Visualizing Data-Driven Insights from Sentiment Analysis Models
This is a continuation from my previous blog post, https://blogs.sap.com/2020/11/30/how-to-deploy-a-natural-language-processing-model-with-tensorflow-on-sap-data-intelligence/, which showcased how to create, train and deploy a basic Sentiment Analysis with TensorFlow and Deep Learning on SAP Data Intelligence for inference. That blog was largely technical in that it merely showed the instructions on how to perform an action while not showcasing any use cases that could be derived from it. In this very short, follow-up blog post, I shall show some of the insights that can be derived from such models. I recently used Sentiment Analysis as well as Aspect term Extraction for a POC that involved having to discover the specific aspects and the sentiment affiliated with each respective aspect for within a body of laptop reviews. Please note that the dataset consisting of laptop reviews within this blog is a non-academic dataset meaning that it does not belong to one of the many datasets found in academic papers such as the SemEval datasets and are almost all exclusively from 2020 as well. Aspect-Based Sentiment Analysis (ABSA) can be a powerful tool to understand what your customers like or dislike about a product and to what extent. I shall be using the SAP Analytics Cloud software system to showcase my results. First, I showcase how my results for Aspect Term Extraction. The results showcase the ABSA system’s results on a dataset consisting of over 3500 laptop reviews.
The seven aspects by which my model was trained on were; battery, heat, memory, ports, price, quality and speed. My ABSA system has determined that over half of all the reviews are speaking about the memory of the laptop i.e. the hard drive, Dish Drive and Random Access Memory (RAM). From personal experience, this is typically what I complained about when I used to buy a lower quality laptop. While Price and and Battery also made large portions of the reviews, there were extremely few reviews concerning the battery or quality of the laptop being purchased. Of course, while it is very useful to know what your customers are talking about, let’s see whether they were speaking about it in a positive or negative way and to what extent.
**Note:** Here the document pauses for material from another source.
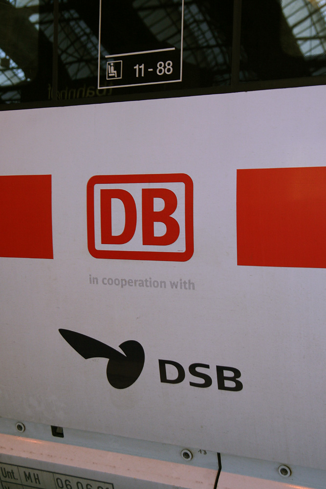 Logos of Deutsche Bahn and Danske Statsbaner on an ICE-TD train (modified for the service between Germany and Denmark)

As you can see, most reviews are positive with each aspect receiving a portion of both positive and negative that is in line with the proportion they made up the aspects in the previous visualization. However useful, this does not take full advantage of the Sentiment Analysis portion of the ABSA system, as such, I will now show the degree of polarity or rather how positive a review is.
Using a Sentiment Analysis model trained via TensorFlow akin to how I showed in my previous entry mentioned in the beginning of this blog post, I have been able to determine the average polarity by which customers are speaking about towards each respective aspect. It seems that the most positively spoken aspect given the dataset is the battery while the other tend to be between .19 and .21. However, this is but an average taken across the entire dataset, it would be nice to see how the polarity of reviews changes over time in relation with the ratings that customers give them. This could also showcase whether customers’ polarity matches the ratings that they give the reviews.
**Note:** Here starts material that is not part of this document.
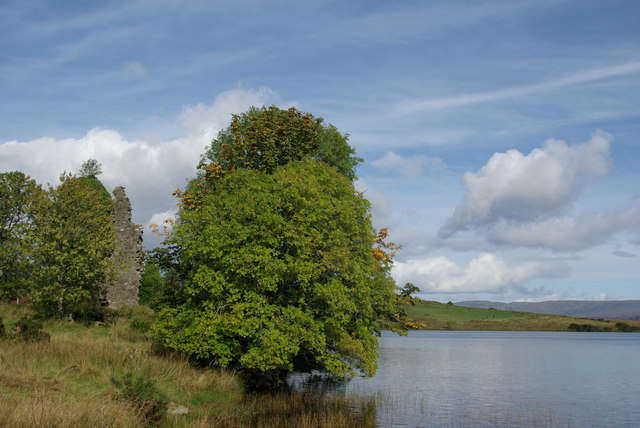 Asgog Castle & loch Fragmentary remains of a Lamont stronghold dating from the 15th century, besieged & destroyed by the Campbells in 1646.

As our polarity is a measure of sentiment between 0 and 1 and the ratings that customers give to reviews range between 0 and 5, I have decided to normalize the ratings so that they are on the same scale and comparable. I also think it would be useful to look at the change in polarity towards a particular aspect over time rather than looking at the polarity averaged over all topics.
Fortunately, thanks to the easy customization feature of SAP Analytics Cloud, I am able to show the change in polarity over time for the Memory aspect. A vendor or e-commerce site could then see if there is perhaps a sudden drop or increase at any particular point in time due to a software or hardware upgrade. After doing so, it seems the polarity towards reviews on average tends to fall below the normalized rating that customers give them. This means that, on average, customers speak about reviews less positively than how they rate them. This could be for a variety of reasons such as perhaps the customers are merely stating some critiques of the product which is meant to show case things that they believe could be improved or perhaps the rating scale needs to be changed to give customers a wider array of ratings. Nonetheless, this is where a data scientist should look into the data or reviews to see why this my be the case. For now, I will look into the distribution of words within each specific aspect and see if there are any keywords which customers are using to describe the product. I will choose to look into the keywords for negative reviews for both Speed and Memory.
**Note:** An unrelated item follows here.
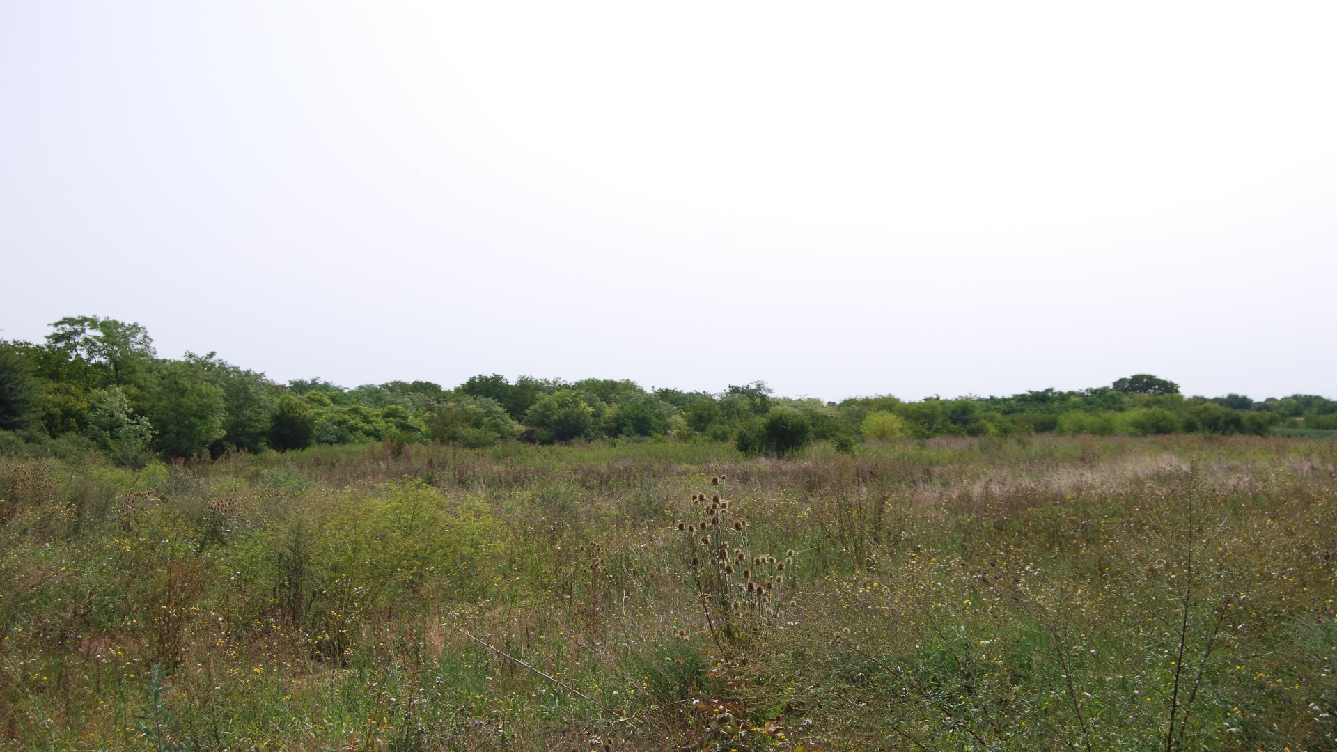 Archaeological site Starčevo, near Pančevo

Here, you may see an issue which is common throughout natural text within product reviews, customers use the same or similar words to describe products. However, what is of use here is that within the negative reviews for Speed, the keyword start comes up which may be alluding to the startup of the computer when it is turned on or perhaps when a user attempts to start an app. Additionally, the negative Memory reviews show that Windows and Support come out which may indicate an issue with the Windows Operating Systems and its support for other applications. However, one would need to look into the data to find out exactly why. While I have done so, I will eschew showing all this for the sake of keeping this blog short and simple. We have now seen some of the insights that we can gain from using NLP on SAP Data Intelligence and visualizations from SAP Analytics Cloud.